- TASK DESCRIPTION
Below this line is the material. Write out only its lines from the one containing "Заголовок с молодой" through the one containing "家族葬のラビューは、葬儀社満", both kept, exactly.

- PROVIDED RECORDS
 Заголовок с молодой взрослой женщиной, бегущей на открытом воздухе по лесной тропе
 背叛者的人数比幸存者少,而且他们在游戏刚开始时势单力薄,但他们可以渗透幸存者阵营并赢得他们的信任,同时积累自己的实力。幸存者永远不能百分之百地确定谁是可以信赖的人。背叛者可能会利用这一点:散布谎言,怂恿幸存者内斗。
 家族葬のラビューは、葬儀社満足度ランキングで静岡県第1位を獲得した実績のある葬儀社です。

* * *

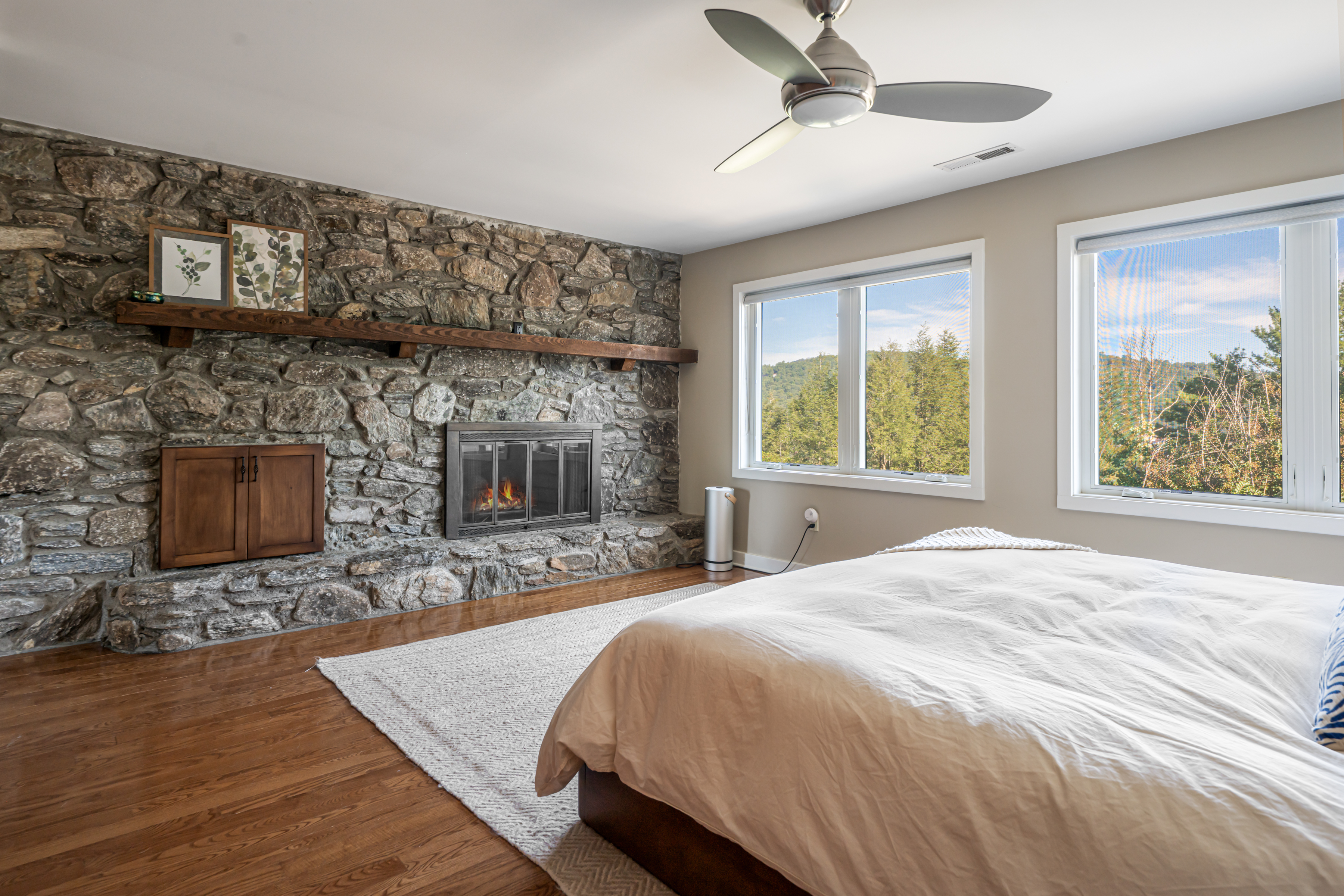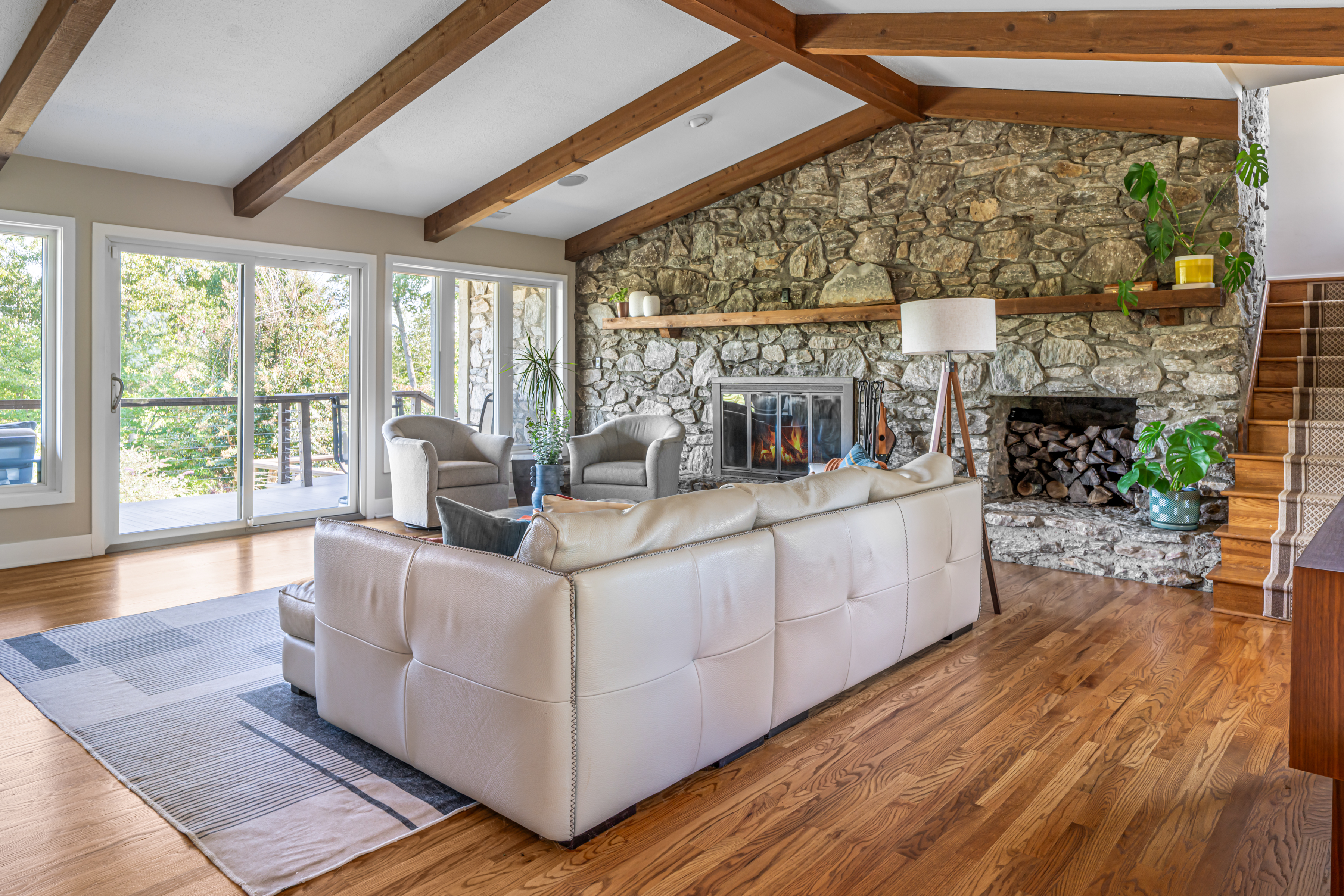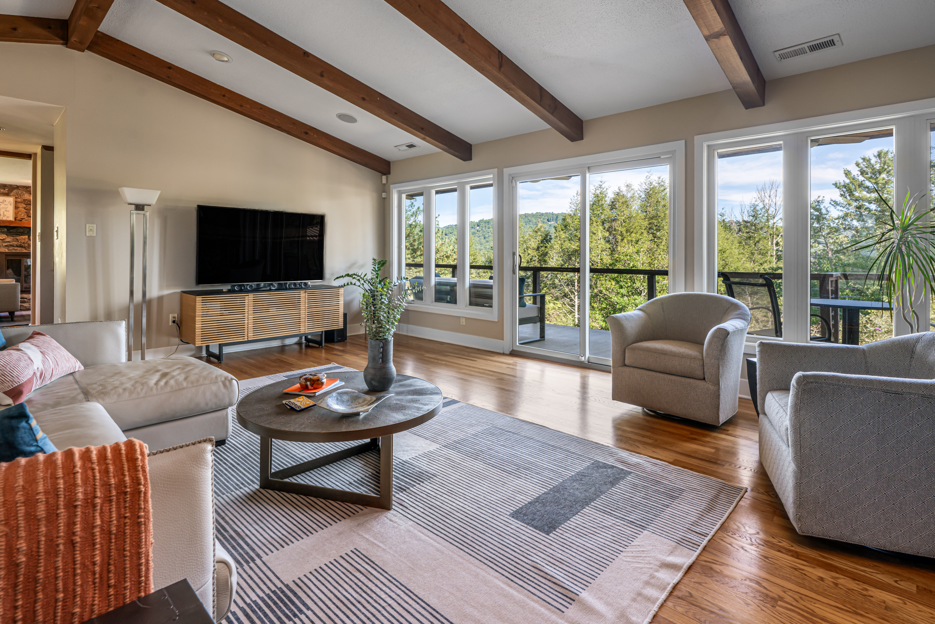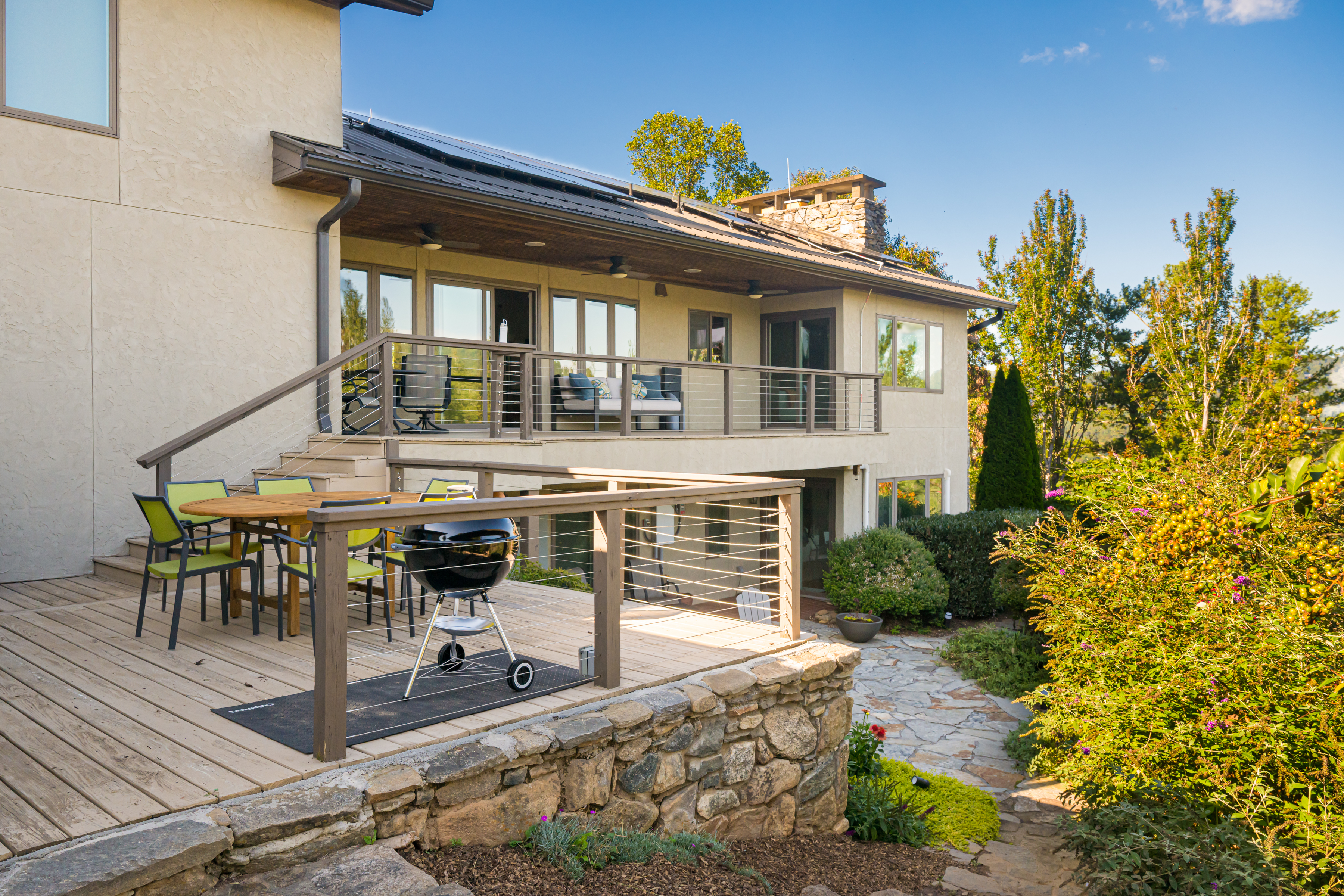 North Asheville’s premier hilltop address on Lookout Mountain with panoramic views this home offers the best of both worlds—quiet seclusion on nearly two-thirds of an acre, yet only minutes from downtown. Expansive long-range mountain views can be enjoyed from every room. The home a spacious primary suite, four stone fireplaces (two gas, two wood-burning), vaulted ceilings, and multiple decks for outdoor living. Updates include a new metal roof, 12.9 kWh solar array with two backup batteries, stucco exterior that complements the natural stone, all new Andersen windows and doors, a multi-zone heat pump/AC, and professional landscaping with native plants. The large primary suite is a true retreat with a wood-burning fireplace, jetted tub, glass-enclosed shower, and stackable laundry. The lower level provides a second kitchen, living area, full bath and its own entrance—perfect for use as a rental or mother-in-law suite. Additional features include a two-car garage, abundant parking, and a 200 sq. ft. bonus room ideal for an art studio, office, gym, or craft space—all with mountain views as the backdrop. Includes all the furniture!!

- EXPECTED ANSWER
 Заголовок с молодой взрослой женщиной, бегущей на открытом воздухе по лесной тропе
 背叛者的人数比幸存者少,而且他们在游戏刚开始时势单力薄,但他们可以渗透幸存者阵营并赢得他们的信任,同时积累自己的实力。幸存者永远不能百分之百地确定谁是可以信赖的人。背叛者可能会利用这一点:散布谎言,怂恿幸存者内斗。
 家族葬のラビューは、葬儀社満足度ランキングで静岡県第1位を獲得した実績のある葬儀社です。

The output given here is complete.